The response to dietary treatment of patients with chronic post-infectious diarrhea and lactose intolerance was prospectively studied in 29 infants less than 1 year of age. All had gastroenteritis with diarrhea which persisted for more than 3 weeks. In the hospital, diarrhea continued and lactose intolerance was documented while being fed half-strength cow's milk formula. They were given dietary treatment with one of three formulas used for treatment of diarrhea in infancy.

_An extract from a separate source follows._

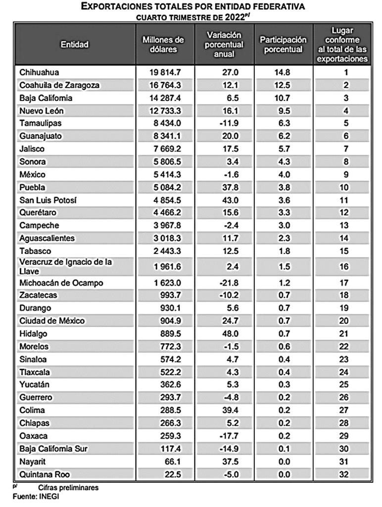 En el cuarto trimestre de 2022, los estados con mayor contribución al valor total de las exportaciones fueron: Chihuahua (14.8 %), Coahuila (12.5 %), Baja California (10.7 %), Nuevo León (9.5 %) y Tamaulipas (6.3 %). En conjunto, estas entidades sumaron 53.8 por ciento.

Improvement of diarrhea was more frequently achieved with Pregestimil when given as the initial therapy than with the other two formulas. With Pregestimil nine of 10 patients improved whereas only four of nine infants fed Portagen and one of 10 patients initially treated with soy formula improved. Pregestimil was also effective in three of five patients who initially failed to improve with Portagen and in four of eight patients tried with soy formula with or without carbohydrate. Additionally, in the patients who improved, recovery was more rapidly achieved with Pregestimil than with the other two formulas. Formula failures were due to intolerance to glucose polymers in three patients, possibly to protein in seven infants, and an intolerance to all nutrients in five patients. The improvement of the diarrhea was slower in patients who had evidence of colitis in rectal biopsies regardless of the dietary treatment given, but was not correlated with other variables, i.e., etiology of diarrhea, jejunal histology, or duration of diarrhea prior to treatment. However, as a group, the patients who failed to respond to Pregestimil were younger (less than 3 months of age), had more formula changes and associated infections, and were given more antibiotics; they also had more prolonged diarrhea before treatment and more severe jejunal mucosal lesions and jejunal bacterial overgrowth. The data suggests that Pregestimil seems to be the most effective formula for the treatment of infants with chronic post-infectious diarrhea and lactose intolerance.

摘要

对29名1岁以下婴儿进行了前瞻性研究,以观察慢性感染后腹泻和乳糖不耐受患者对饮食治疗的反应。所有婴儿均患肠胃炎且腹泻持续超过3周。在医院里,腹泻持续存在,且在喂半浓度牛奶配方奶时被证实存在乳糖不耐受。他们接受了三种用于婴儿腹泻治疗的配方奶之一的饮食治疗。与其他两种配方奶相比,最初使用Pregestimil进行治疗时,腹泻改善更为常见。使用Pregestimil时,10名患者中有9名病情改善,而喂食Portagen的9名婴儿中只有4名改善,最初使用大豆配方奶治疗的10名患者中只有1名改善。在最初使用Portagen治疗无效的5名患者中,有3名使用Pregestimil有效;在尝试使用含或不含碳水化合物的大豆配方奶的8名患者中,有4名有效。此外,在病情改善的患者中,使用Pregestimil比使用其他两种配方奶恢复得更快。配方奶治疗失败的原因是3名患者对葡萄糖聚合物不耐受,7名婴儿可能对蛋白质不耐受,5名患者对所有营养素均不耐受。无论给予何种饮食治疗,直肠活检有结肠炎证据的患者腹泻改善较慢,但与其他变量无关,即腹泻病因、空肠组织学或治疗前腹泻持续时间。然而,总体而言,对Pregestimil无反应的患者年龄较小(小于3个月),更换配方奶和合并感染更多,使用抗生素更多;他们在治疗前腹泻时间更长,空肠黏膜病变更严重,且空肠细菌过度生长。数据表明,Pregestimil似乎是治疗慢性感染后腹泻和乳糖不耐受婴儿最有效的配方奶。